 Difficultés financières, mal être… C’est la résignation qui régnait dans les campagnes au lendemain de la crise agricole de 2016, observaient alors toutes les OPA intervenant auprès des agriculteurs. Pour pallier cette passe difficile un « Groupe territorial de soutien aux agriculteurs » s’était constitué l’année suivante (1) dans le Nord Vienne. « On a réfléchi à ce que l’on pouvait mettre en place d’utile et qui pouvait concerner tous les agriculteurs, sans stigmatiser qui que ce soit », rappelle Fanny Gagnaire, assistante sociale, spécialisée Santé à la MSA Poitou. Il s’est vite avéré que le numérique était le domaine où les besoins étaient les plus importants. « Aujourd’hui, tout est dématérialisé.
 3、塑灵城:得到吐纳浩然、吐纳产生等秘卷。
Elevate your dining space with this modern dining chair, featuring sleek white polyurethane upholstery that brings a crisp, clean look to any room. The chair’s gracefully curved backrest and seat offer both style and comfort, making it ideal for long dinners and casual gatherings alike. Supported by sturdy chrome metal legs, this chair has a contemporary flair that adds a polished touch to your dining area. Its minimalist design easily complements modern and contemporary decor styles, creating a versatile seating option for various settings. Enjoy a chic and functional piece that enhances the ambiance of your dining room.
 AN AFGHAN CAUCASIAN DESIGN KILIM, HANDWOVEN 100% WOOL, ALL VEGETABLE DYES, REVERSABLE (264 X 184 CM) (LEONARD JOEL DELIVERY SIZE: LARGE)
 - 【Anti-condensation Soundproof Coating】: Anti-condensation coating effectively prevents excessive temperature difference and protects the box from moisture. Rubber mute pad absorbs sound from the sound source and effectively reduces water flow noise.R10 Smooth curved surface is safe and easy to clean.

* * * * *

## Task objective
Start with the first line. Please copy exactly each line of the listing through the one with "3、塑灵城:得到吐纳浩然、吐纳产生等秘卷。", including it.

## Written reply
 Difficultés financières, mal être… C’est la résignation qui régnait dans les campagnes au lendemain de la crise agricole de 2016, observaient alors toutes les OPA intervenant auprès des agriculteurs. Pour pallier cette passe difficile un « Groupe territorial de soutien aux agriculteurs » s’était constitué l’année suivante (1) dans le Nord Vienne. « On a réfléchi à ce que l’on pouvait mettre en place d’utile et qui pouvait concerner tous les agriculteurs, sans stigmatiser qui que ce soit », rappelle Fanny Gagnaire, assistante sociale, spécialisée Santé à la MSA Poitou. Il s’est vite avéré que le numérique était le domaine où les besoins étaient les plus importants. « Aujourd’hui, tout est dématérialisé.
 3、塑灵城:得到吐纳浩然、吐纳产生等秘卷。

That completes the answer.